▶ [Supplied entries]
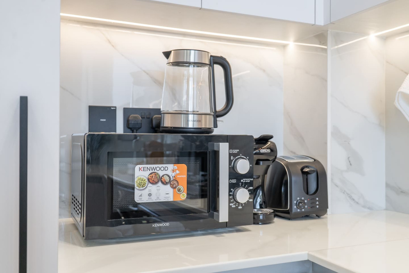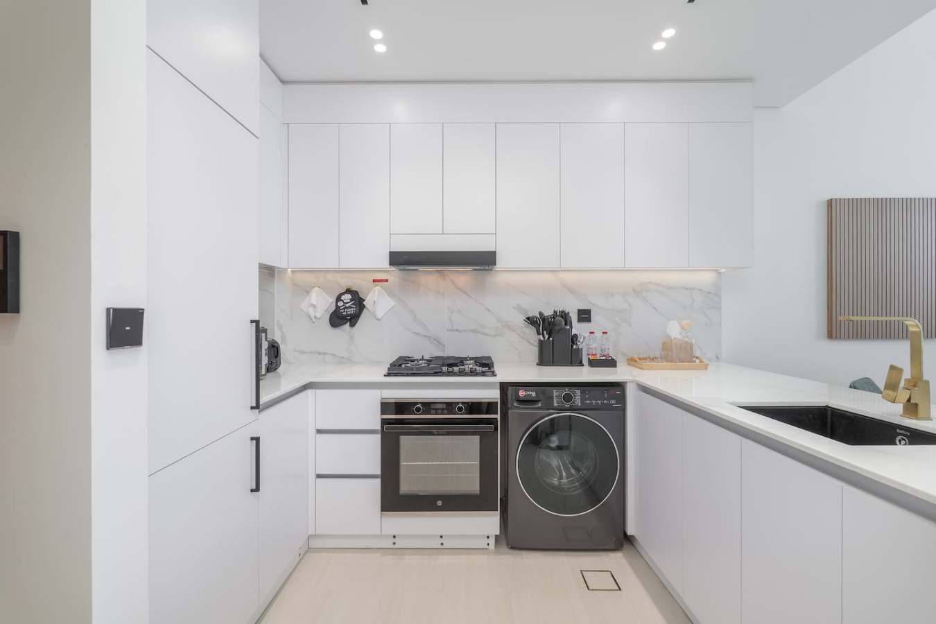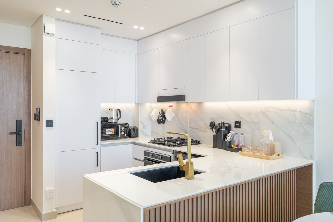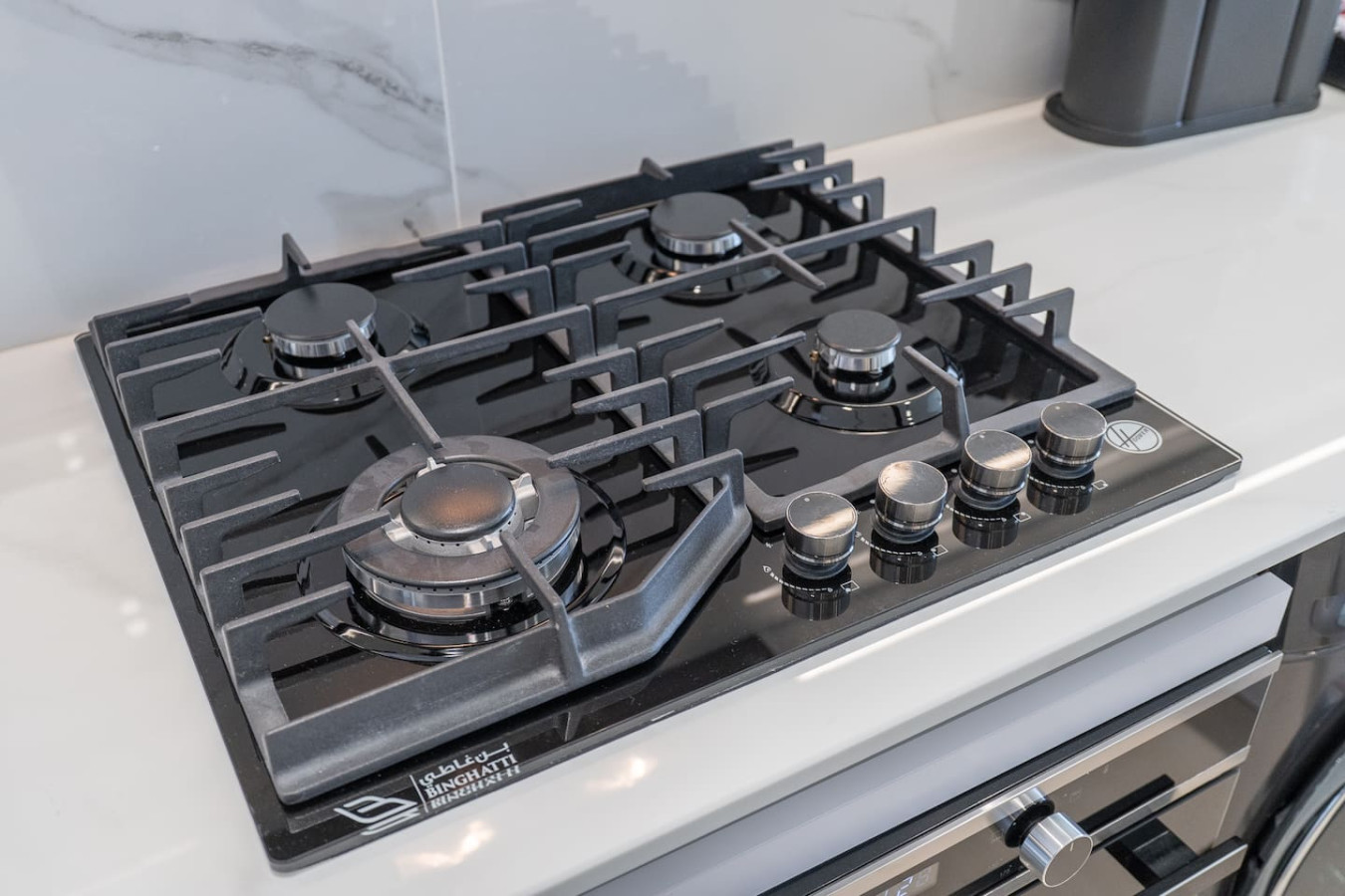 The sleek, fully equipped kitchen comes with a stove, microwave, fridge, and all the essentials you need to cook up your favorite dishes effortlessly.
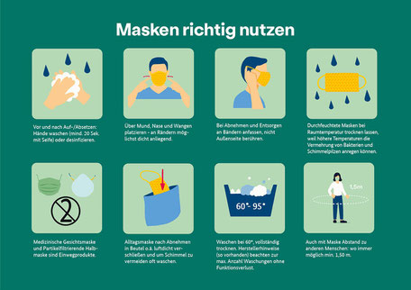 Jede Infografik präsentiert eine eindeutige und ansprechende Illustration, die den richtigen Umgang mit Masken verdeutlicht. Die Infografiken wurden so gestaltet, dass sie im Look der bisherigen AHA-Kampagne nahtlos und überzeugend ins Gesamtkonzept passen.
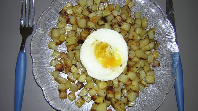 Lorsque les pommes de terres commencent à avoir l'air d'être cuite, il faut les saler et les poivrer. Puis, prendre une autre poêle, la faire chauffer, la graisser et y casser autant d'oeuf que de personnes à nourrir...
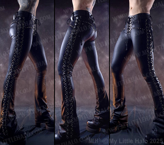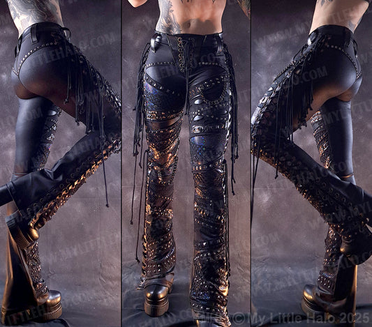 #10 Black, Gunmetal & Copper Lace up Hologram Gothic Flares
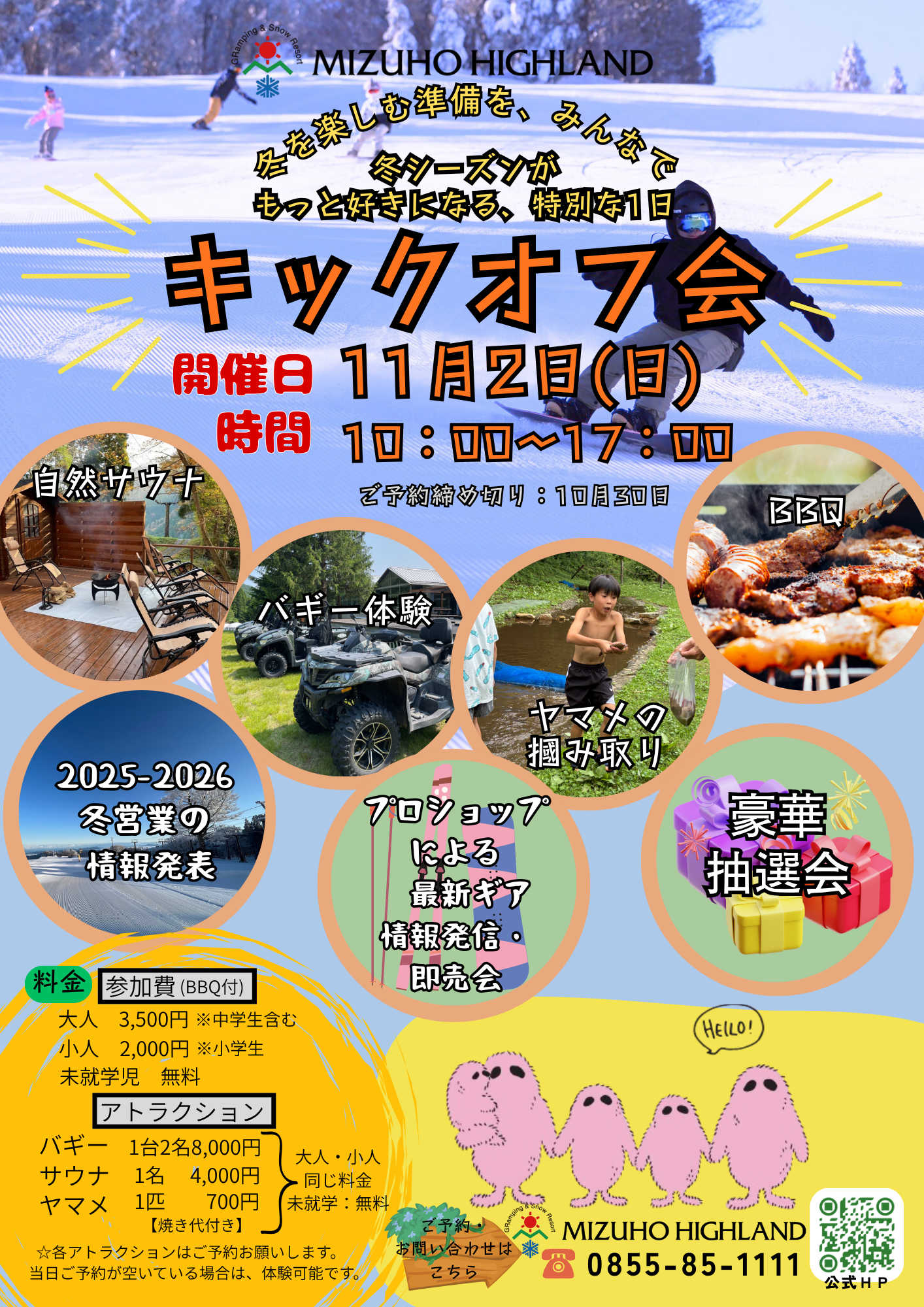 アトラクション、冬シーズン情報、即売会、豪華抽選会

▶ [Work order]
Copy the records exactly. Skip the pictures.

▶ [Exercise solution]
 The sleek, fully equipped kitchen comes with a stove, microwave, fridge, and all the essentials you need to cook up your favorite dishes effortlessly.
 Jede Infografik präsentiert eine eindeutige und ansprechende Illustration, die den richtigen Umgang mit Masken verdeutlicht. Die Infografiken wurden so gestaltet, dass sie im Look der bisherigen AHA-Kampagne nahtlos und überzeugend ins Gesamtkonzept passen.
 Lorsque les pommes de terres commencent à avoir l'air d'être cuite, il faut les saler et les poivrer. Puis, prendre une autre poêle, la faire chauffer, la graisser et y casser autant d'oeuf que de personnes à nourrir...
 #10 Black, Gunmetal & Copper Lace up Hologram Gothic Flares
 アトラクション、冬シーズン情報、即売会、豪華抽選会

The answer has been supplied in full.